Recognizing others as capacity for their world

Even if I notice myself as capacity for my world, do I actively recognize others as capacity for their world? And what happens when I do? What shifts do I notice?

To me, it seems that this is an important and helpful practice. It helps me shift out of my ancient habitual – and often less conscious – conditioning of taking others as exclusively local beings operating in time and space.

This practice is mostly for myself. It helps me consciously align more closely with reality. It helps shift some conditioning in me. It opens my heart a bit more to others. And it also helps me notice my old conditioning so I can relate to it more consciously.

As a side-effect, it’s also for others since it tends to shift how I relate to them. It can make me a little less annoying.


That’s the short version. There is a lot more to it.

When I look, I find I am capacity for my world. And that seems to be the same for others when they look, they find themselves as capacity for their world.

One thing is to generally know this, but how is it to actively remind myself of this in daily life? How is it if I make it into a daily life exploration?

When I remind myself of this, I notice a shift that’s small yet significant.

The main shift is that I experience others more clearly and vividly as awake capacity taking the form of that human being, just as I am that over here.

And why stop with humans? Humans are the only ones who, so far, have reported finding themselves as awake capacity for their world.

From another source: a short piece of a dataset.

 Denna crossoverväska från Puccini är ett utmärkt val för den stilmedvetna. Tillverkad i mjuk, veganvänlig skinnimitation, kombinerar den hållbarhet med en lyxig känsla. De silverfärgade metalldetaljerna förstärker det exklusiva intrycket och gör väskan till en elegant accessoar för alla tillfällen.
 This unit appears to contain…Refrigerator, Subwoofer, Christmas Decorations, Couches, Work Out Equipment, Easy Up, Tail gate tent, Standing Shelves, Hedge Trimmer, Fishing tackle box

But it’s more than reasonable to assume this is the case for all animals. To themselves, they are likely capacity for their world, just as I am and we are.

When I make a point out of perceiving others in this way, I relate to them differently. Over time, all of this – the noticing and the shift in how I relate to others – becomes a new habit and normal.

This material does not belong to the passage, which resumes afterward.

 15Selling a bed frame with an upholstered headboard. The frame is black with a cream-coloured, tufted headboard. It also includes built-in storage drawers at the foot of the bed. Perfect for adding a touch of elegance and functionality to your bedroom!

I can take this one step further, as another experiment. What happens if I perceive everything, including inanimate objects, as awake capacity taking a particular form over there – as a chair, a rock, the stars, this computer?

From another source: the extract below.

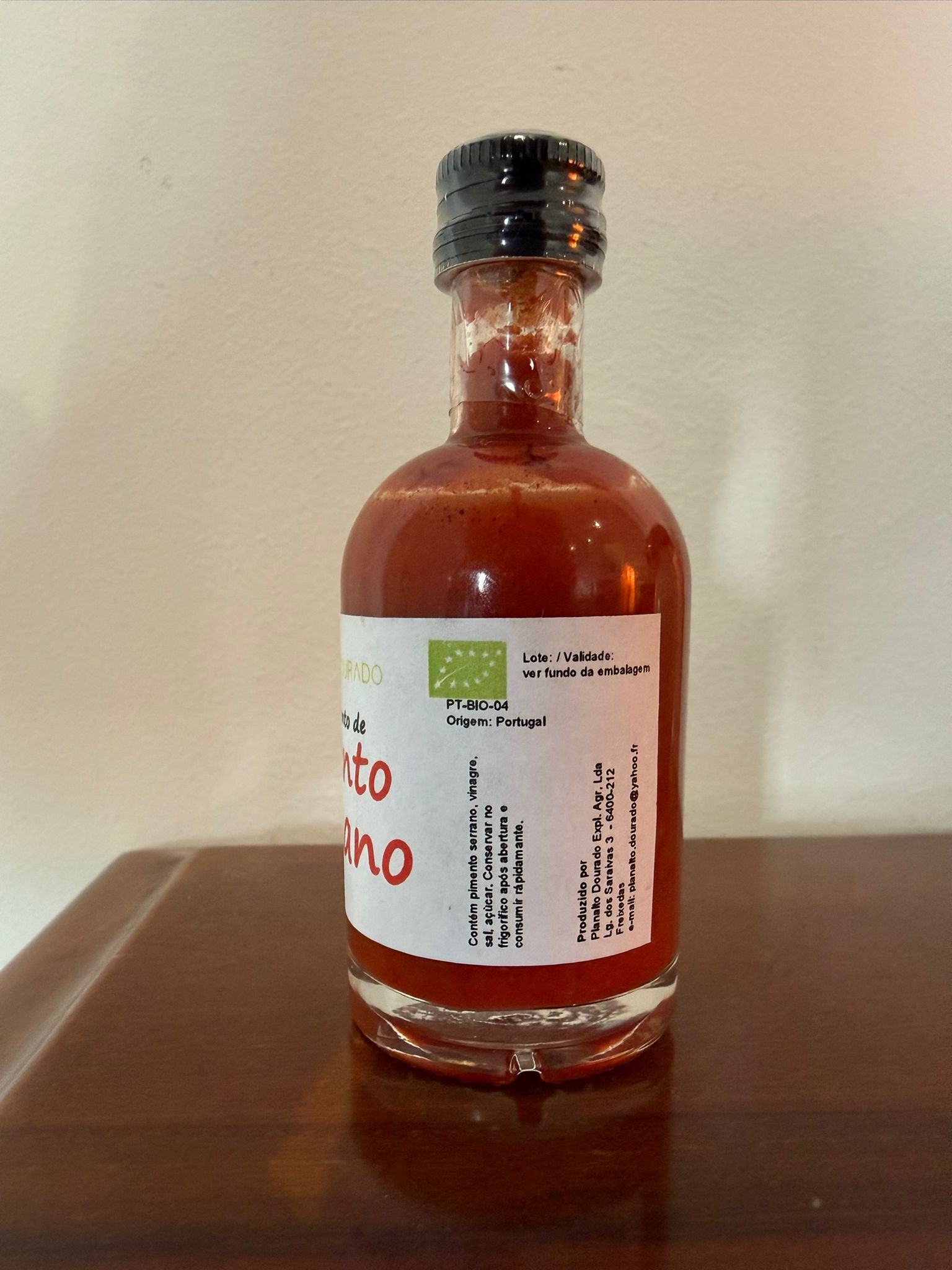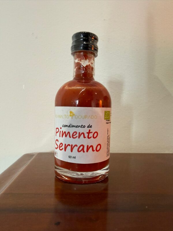 50 ml jar of Organic Serrano Pepper Sauce, produced by Planalto Dourado Exploração Agrícola, Lda, a member of the Wild Côa Network, located in Freixedas, Pinhel.

There are a few layers here.

When I find myself as capacity for my world, I also notice that this human self, others, and the wider world all happen within and as what I am. To me, it’s all happening within and as awake space. (Of course, space happens within and as this capacity, but “awake space” is as good a way of talking about it as any.) So to me, others already happen within awake space. They are awake space taking that human form over there.

There is a shift from this to reminding myself that to them, they too are capacity for their world. They too are awake space that their world happens within and as. All conscious beings are capacity for their world, just as I am.

The true nature of all conscious beings, to themselves, is this capacity. We are capacity for our own world. The content of our experiences – this self and the world as it appears to us – happens within and as the awake space we find ourselves as.

Is that also the true nature of all of existence? Is the true nature of everything capacity? Yes, that seems inevitable. Without nothing, there isn’t something. But is it awake? To me, it seems awake but that awakeness may just be the awakeness here – the one it’s happening within and as. If I am honest, I cannot know if the true nature of everything is consciousness, even if it appears that way to me, and there are several clues pointing to it.

What I can do is to experiment. How is it to remind myself that other beings are capacity for their world? That to them, their world happens within and as awake space? How is it if I extend that to everything? If I perceive everything as awake space taking that particular form over there?

My own process has gone through a few different phases with this.

During the initial awakening, in my teens, I experienced all of existence as the divine or God taking all the different forms in the world, including as human beings and temporarily and locally identifying as these human beings. At the same time, there was and is conditioning here in me that takes human beings as human beings and the divine aspect goes a bit in the background.

I have also explored differentiating between my true nature over here, the true nature of others, and the true nature of all of existence, although I know that the two first ones very likely are the same, and the third likely is too.

I see that actively reminding myself of the awake space others are to themselves is helpful to me. It helps me shift out of the old – ancient – conditioning of taking others as exclusively human beings.

Note: When I say “capacity”, that’s terminology from Douglas Harding and the Headless Way. I like it since it’s simple and to the point. “Capacity” refers to finding myself as capacity for my world – for this human self, others, the wider world, and any content of my experience. To me, all of my experiences happen within and as what I am. And we can, inevitably imperfectly, call this awake space, consciousness, or something else. It’s what we all are to ourselves, whether it’s noticed or not.